报了公司地址,陆翡对小季说:“把手机给我。”
“……哦。”
拿到手机,他拨下熟悉的号码,打给的是席江燃:“时苒不知道为什么找到了地址,一直在对面的快捷酒店等着我,我担心她身体撑不住,你有空去接一下她么?”
那边,苏晚筝明显也听见了他的话,一下急得把手机夺过去:“你说什么?那傻丫头怎么尽做傻事!我们正好在附近做检查,马上就过来。”
陆翡唇角微松,的心这才放下:“感谢。”
时苒用最快的速度收拾好箱子,推了房,便飞奔出酒店。
太久没见到他,那种雀跃的心情溢于言表。
可当她飞奔着跑到局子门口时,却空无一人。
人行道上,依旧人来人往,却无人驻足。
时苒表情空了一瞬,整个人不知所措地愣在那,泛白的唇轻轻颤抖着。
他人呢?
“陆翡?”
时苒攥紧了行李箱,大声叫他的名字,在局子周围来回地找,循环找,可喊到嗓子都快劈了,根本无人应答。
终于是门口的保安看不下去,捧着保温茶告诉她:“小姑娘,别喊了,人早就走了。

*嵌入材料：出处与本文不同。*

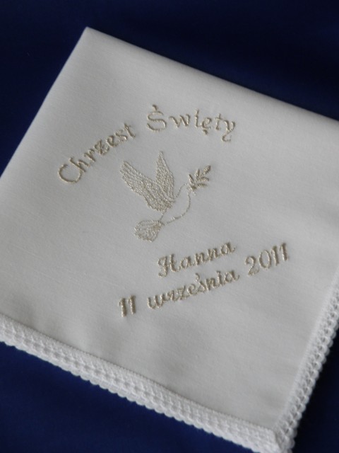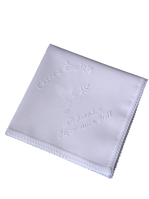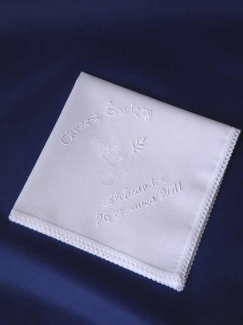 Każda szatka jest starannie haftowana, co pozwala na dodanie osobistego akcentu. Możemy wyhaftować imię dziecka, datę chrztu oraz wybrany przez Ciebie wzór lub symbol religijny. Dzięki temu chusteczka staje się nie tylko praktycznym elementem ceremonii, ale także wyjątkowym upominkiem, który będzie przypominał o tym ważnym dniu.
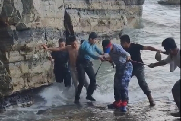记者从目击者拍摄的视频中看到,6月22日清晨,一名身穿蓝色上衣的男子仰面漂在海上,距离岸边十多米。海浪将游客越推越远,岸上的群众把登山杖和衣服绑在一起当作安全绳救援。“当时海浪特别大,游客被涌浪卷进去,无法自救。”张小龙回忆,“现场大概有40多人,大家都在想办法救人。”
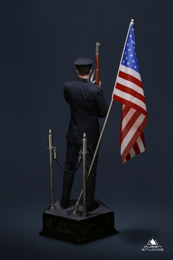 Similarly, to Queen Studios other hyper-realistic statues. The realism of this statue is what makes it a must for DC and The Dark Knight fans alike. The statue is of life-like resemblance of Heath Ledger’s Oscar-winning performance as The Joker in 1/3 scale. This Queen Studios statue captures the Joker moments before he shoots Commissioner Gordon in plain daylight at Gotham’s City Hall. The Joker is bare faced, disguised as a police officer, his scars are naturally visible, and he is carrying a standard police issue M1 Garand semi-automatic rifle.
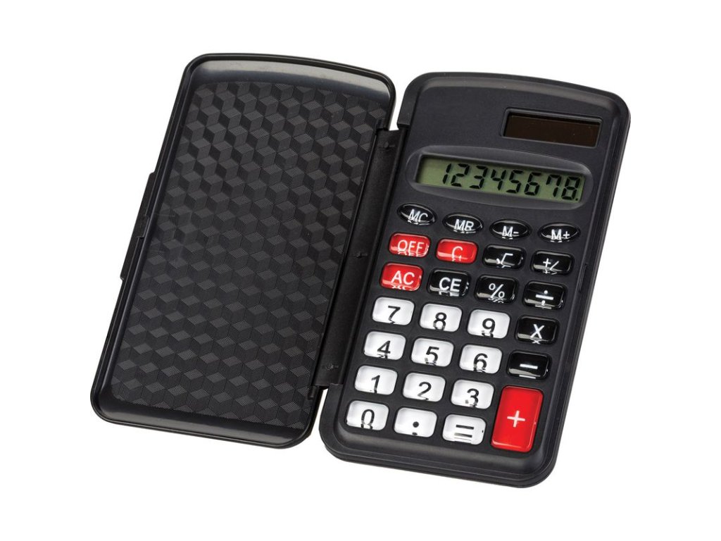 Vrecková kalkulačka s mäkkým plastovým puzdrom a 8 miestnym displejom.
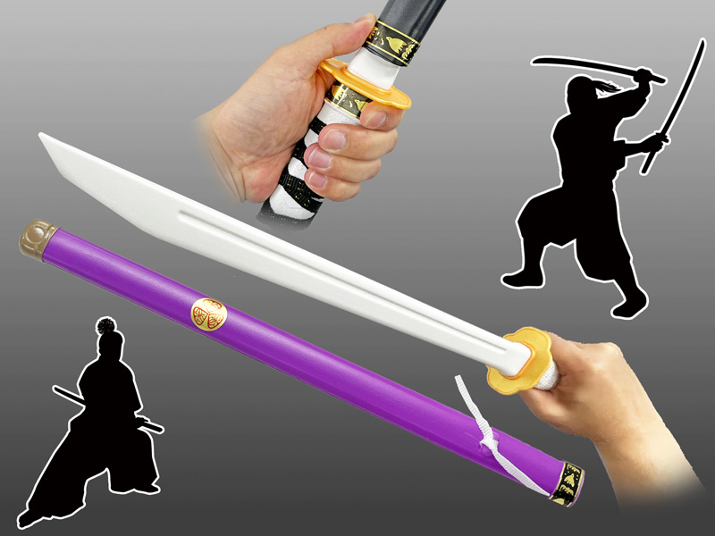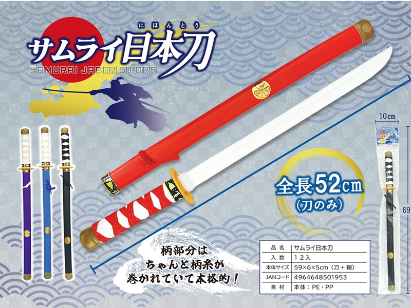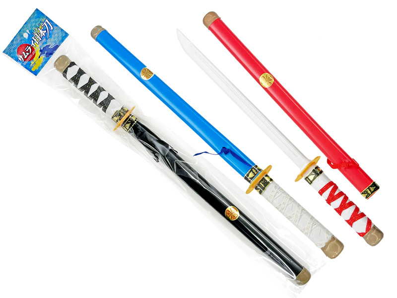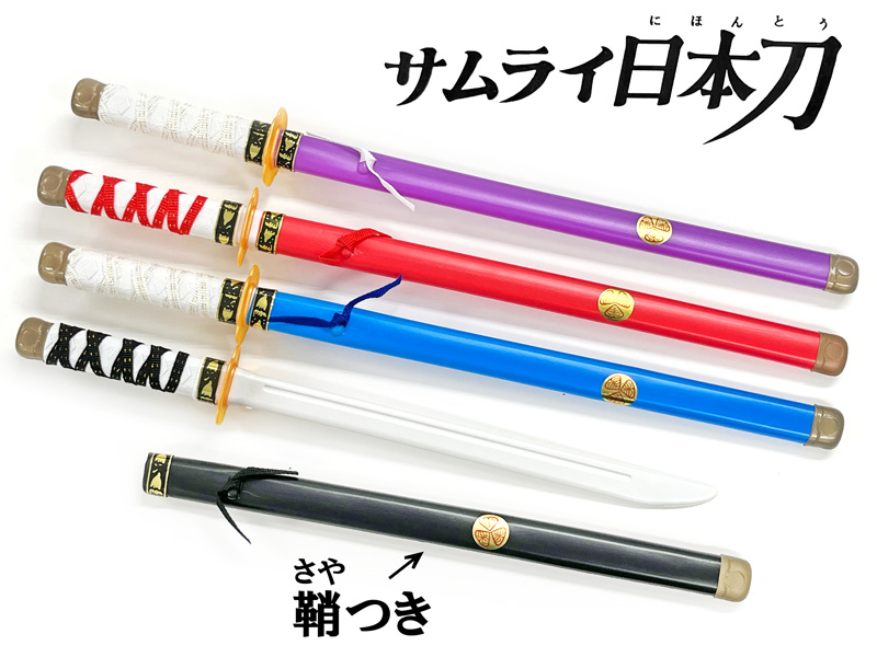 プラスチック素材のカッコいい日本刀のおもちゃです。鞘付きで、ちゃんと鞘から刀が抜くことができます。鞘の色は全4色!日本男児ならこれを貰って喜ばないワケがありません!お祭り・縁日、その他各種イベントの男の子向け景品玩具にゼヒ!
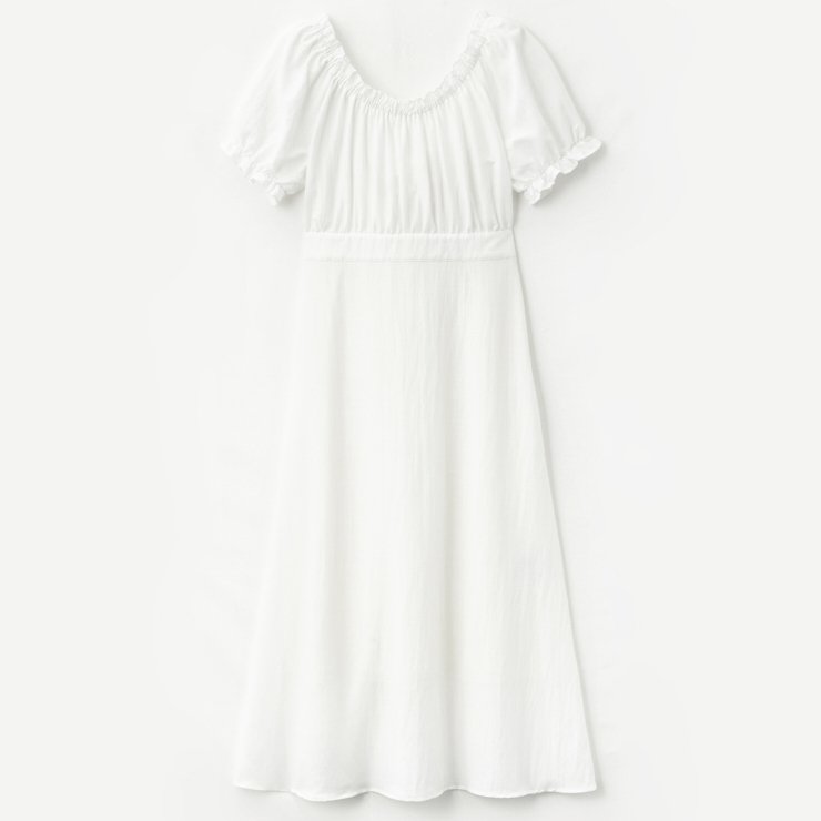 まずはこちら。胸元のギャザーがポイントのワンピースです。ほどよく開いたネック周りが、セクシーな雰囲気も出しています。値段は、1790円(税込 1969円)です。白以外に、ブラックもあります。
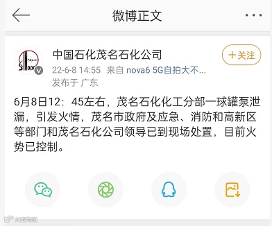 这不是广东茂名石化第一次发生事故了,3月30日13时40分左右,广东茂名石化化工分部2号裂解3号炉发生着火。经茂名石化应急救援中心、茂名市消防救援支队扑救,14时05分左右,火势已被扑灭,没有人员伤亡。
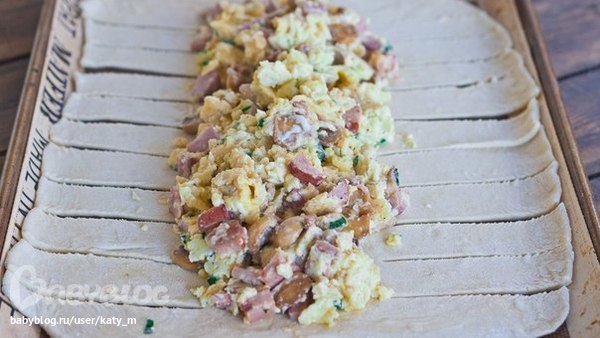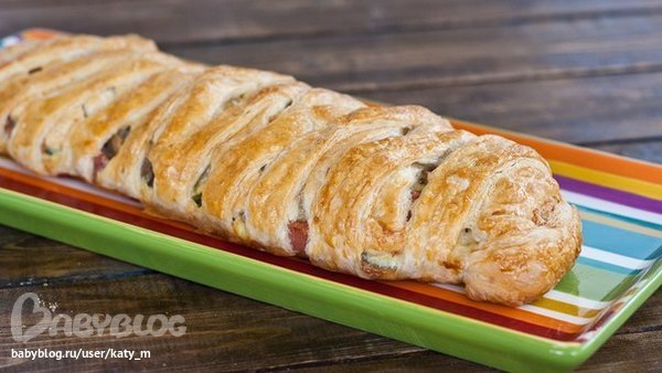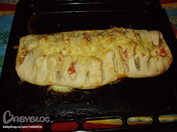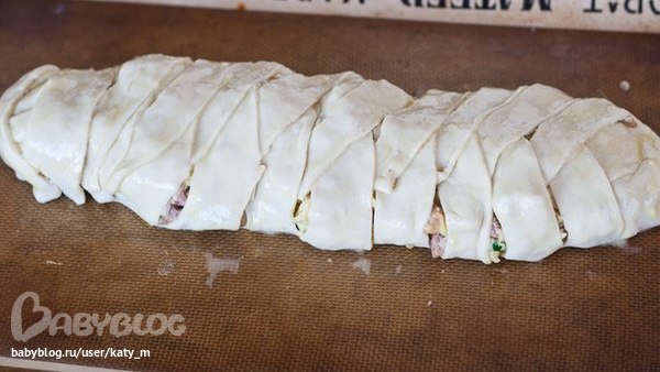 Порпробуй, оч вкусно и сытно. Только не разрезай сильно полосочки, а то начинка вывалится. И кастати, разрезай уже на противне, потому что я ступила, разрезала на доске, а когда стала выкладывать на протвень, половина рулета рассыпалась)
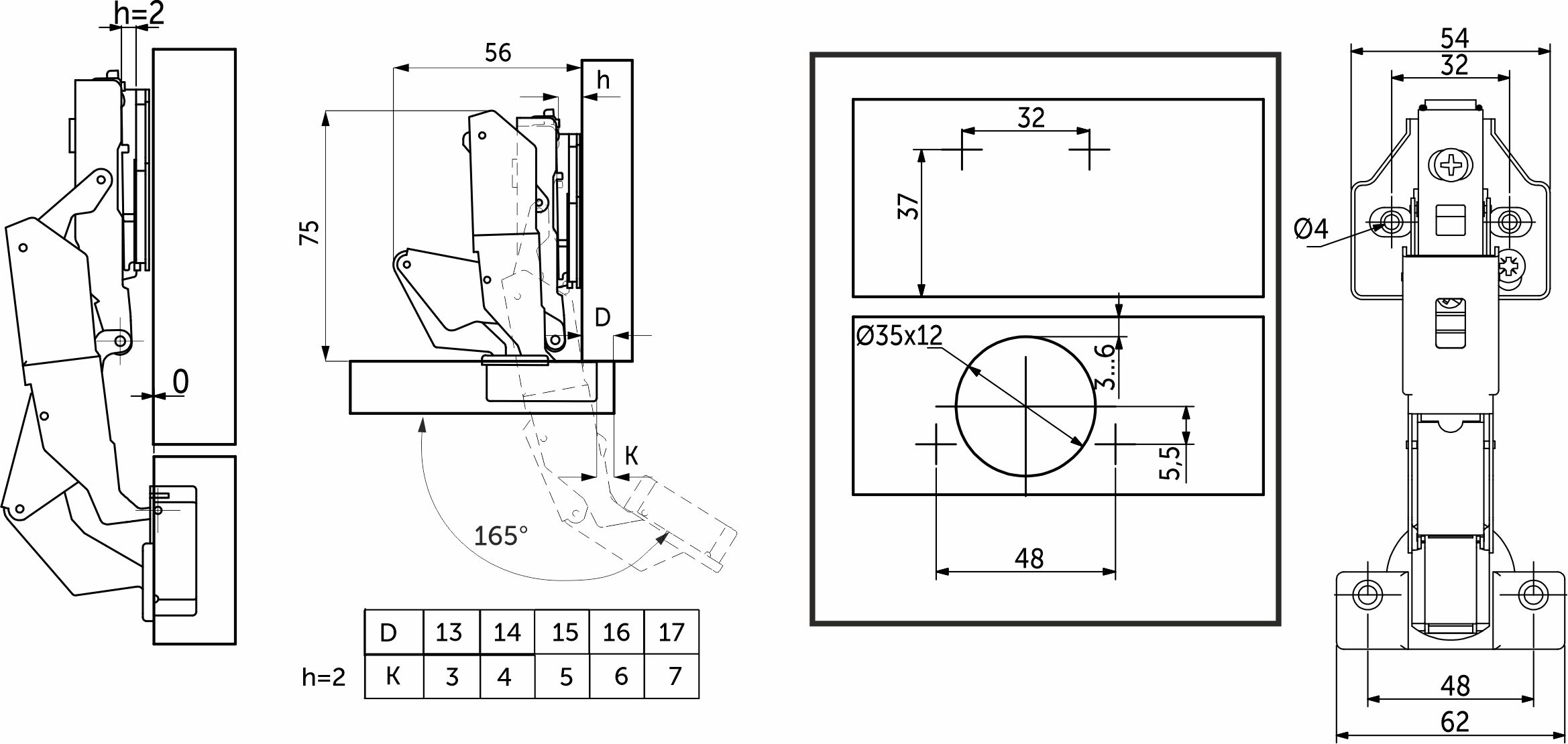 Петля внутренняя с доводчиком 45мм h0 clip-on AKS PLUS 3D узкая черная (саморезы, заглушки)
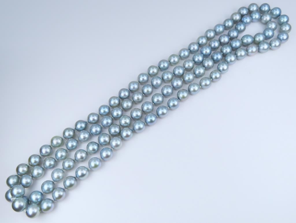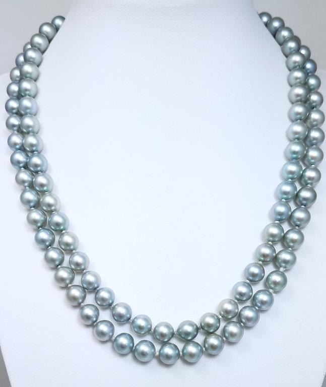 featuring Silver Pearls averaging approx. 7.50 mm in diameter with nice luster, strand measures 35 inches in length.
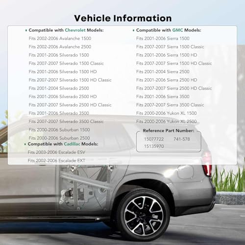 - Perfect Fitment-2: Our Window Regulator and Motor Assembly is Designed to Compatible With GMC Models: Sierra 1500/1500 HD/2500 HD/3500 2001-2006, Sierra 1500 Classic/1500 HD Classic/2500 HD Classic/3500 Classic 2007, Sierra 2500 2001-2004, Yukon XL 1500/2500 2000-2006; Compatible With Cadillac Models: Escalade ESV 2003-2006, Escalade EXT 2002-2006
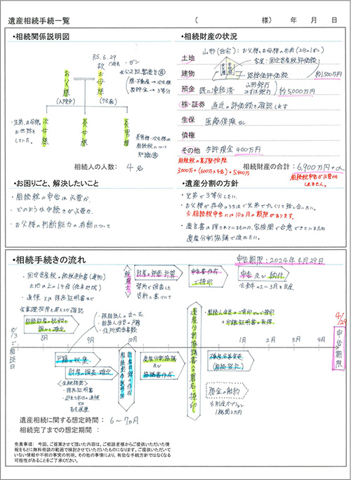 また、無料相談時にはA3のヒアリングシートをご用意し、今後必要となる手続き内容を整理してお伝えします。
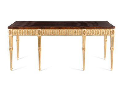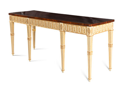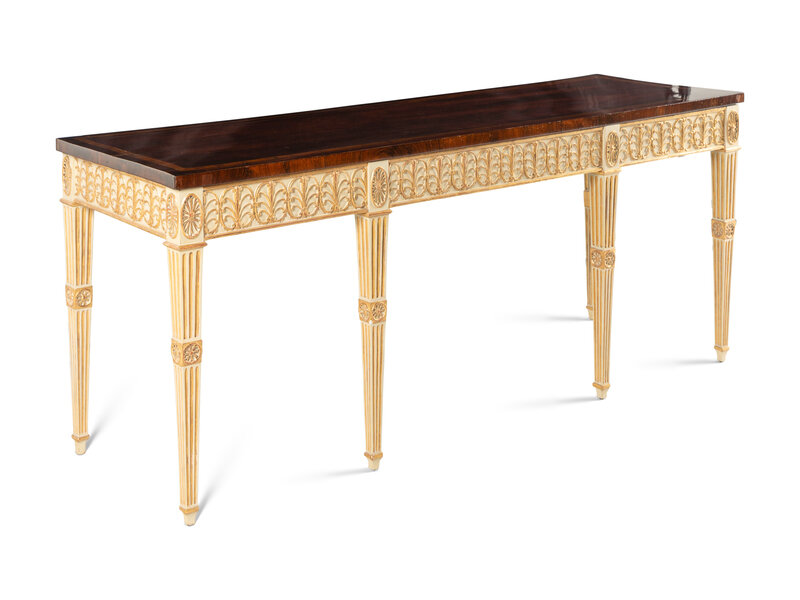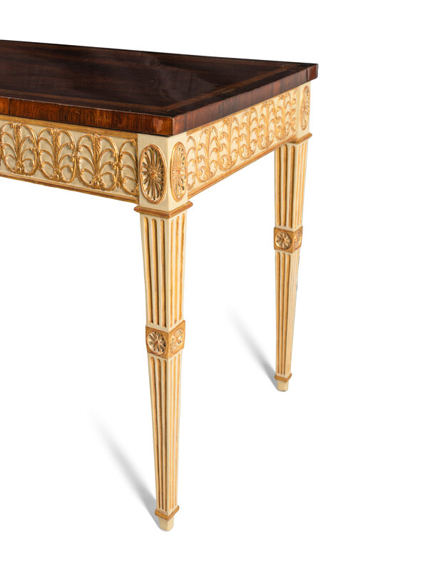 A George III Mahogany, Tulipwood, Cream-Painted and Parcel-Gilt Side Table
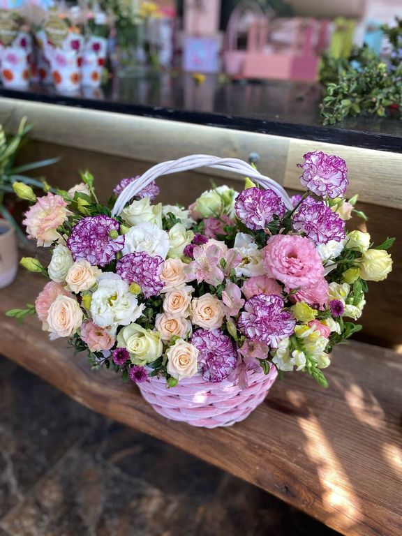 Нежные цветы в корзине - отличный вариант на день рождения.
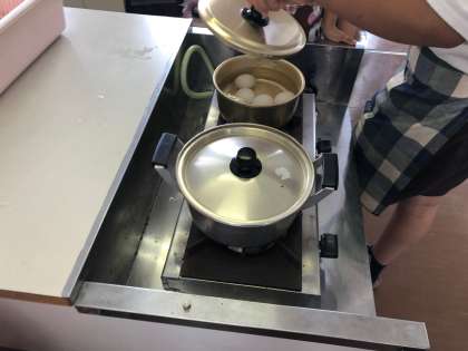 ゆで卵とほうれん草のお浸しを作りました。
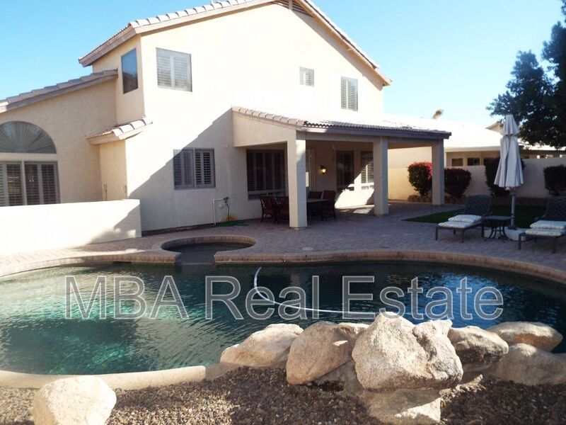 AWESOME Gilbert 5 bedroom, 2 3/4 bath home with POOL & SPA! Don't miss this UPGRADED home that features Stunning wood floors, HUGE Living room/Dining Room combo AND Eat-in kitchen featuring Island, Gorgeous Counters, Stainless steel Double Ovens, B/I microwave, dishwasher & desk center overlooking BIG family room & covered patio leading to the perfect Entertainer's Back Yard with pool maintenance * Plantation shutters t/o * BIG bedroom & 3/4 bath downstairs * OVERSIZED suite featuring 2 walk-in closets, 2 separate vanities, Corner garden tub, separate shower & toilet room + Linen area * Full wall Linen closet in hall AND under stairs storage * BIG secondary bedrooms & FULL hall bath upstairs * Laundry chute upstairs leads to BIG laundry room with WASHER & DRYER, cabinets, folding station & area to hang up clothes * Central vac * 3 car garage with B/I cabinets & epoxy floors * Covered patio with brick pavers kool decking, mature landscaping, raised brick planters, synthetic turf * North/South exposure * Playground only 2 blocks away * OUR QUALIFYING REQUIREMENTS ARE: ABILITY TO MOVE WITHIN THE NEXT 30 DAYS, VERIFIABLE MONTHLY INCOME AT LEAST 3X THE MONTHLY INCOME & GOOD RENTAL HISTORY. WE DO NOT ADVERTISE ON FACEBOOK, CRAIGSLIST OR ANY OTHER SITE YOU MUST CONTACT MBA REAL ESTATE TO LEASE THIS PROPERTY! DO NOT GIVE MONEY TO ANYONE BUT MBA REAL ESTATE, PROPERTY MANAGEMENT COMPANY. TENANT TO VERIFY ALL INFORMATION CONTAINED IN MLS IF CONSIDERED A MATERIAL MATTER PRIOR TO SIGNING LEASE MBA REPRESENTS HOMEOWNER/LANDLORD WHAT APPLIANCES PRESENT IN THE UNIT/HOME WHEN INSPECTING IS WHAT WILL BE INCLUDED OWNER IS UNDER NO OBLIGATION TO REPAIR OR REPLACE PERSONAL PROPERTY SUCH AS WASHER/DRYER/REFRIGERATOR. WILL BE UTILITIZED TO SCREEN ALL ANIMALS THAT WILL BE RESIDING ON THE PROPERTY SAMPLE LEASE IS UPLOADED TO WWW.MBA- TO REVIEW PRIOR TO APPLICATION HOLD DEPOSIT EQUAL TO SECURITY DEPOSIT TO BE COLLECTED WITHIN 24-HOURS OF NOTIFICATION OF APPROVAL BY MANAGEMENT. HOLD DEPOSIT IS NON-REFUNDABLE UNTIL LEASE IS SIGNED AND THEN IT BECOMES THE SECURITY DEPOSIT AND IS REFUNDABLE AT THE END OF THE LEASE TERM IF PROPERTY IS RETURNED IN GOOD CONDITION $75 application fee per adult non-refundable 2.5% monthly admin fee non-refundable $300 1x admin fee non-refundable $3195 security deposit for qualified tenant refundable $300 pet fee for 1st pet $200 for 2nd pet must have owner approval on pets non-refundable pet fees. Service animals are exempt. COPY OF MBA LEASE AVAILABLE ON WWW.MBA- FOR FULL DISCLOSURE OF ALL APPLICABLE FEES MBA Real Estate leasing@mba- Amber Black enter the code, press ENTER, and then push the door so it pops open. Amenities: Pets Allowed, Dishwasher, Disposal, Cable-ready, Air Conditioning, Views, Walk In Closet, Covered Patio, Formal Dining Room, Family Room, Living Room, Ceramic Tile, Hardwood Floors, Stove/Range, Pantry, Microwave, Refrigerator, Carpet, Separate Shower / Tub, Patio, Pool, Dual Vanities, Island, Granite Countertops, Washer/Dryer Hook Up Only, Stainless Steel Appliances, Sprinklers, Community Park / Playground, Scenic Views, Jacuzzi / Spa

”
“走……走了?”时苒拖着行李箱,腿都已经要站不稳,坚持跑过去问,“他们去哪里了?”
保安摇摇头,上下打量着她:“不知道,反正你一离开,他们就打车走了,看样子是不想见你咯。”
时苒咬紧牙关,一股难言的撕痛蔓上心头,不想见到她,他在躲她,故意躲她!
这个胆小懦弱的臭男人!不就是家族落败了吗,不就是公司破产了吗,有什么不敢见她!
难道他以为,她真的喜欢是他陆少的身份,是他银行卡上的几位数吗!
时苒很气愤又委屈,混杂着浇在心里,难以平息。
她艰难地跟保安道谢,一转身,眼泪就忍不住夺眶而出。
实在走不动一点路,坐在路墩旁边,抱着自己的膝盖,像个被遗弃的孩子,无助看着人来人往,眼泪满盈,努力收回去,却又不争气地掉下几颗。
直到苏晚筝和席江燃的宾利在她身前停下。
“苒苒!”苏晚筝迫不及待开门下车,席江燃也跟着下来,一手拎行李,一手接过时苒的背包:“人还好?”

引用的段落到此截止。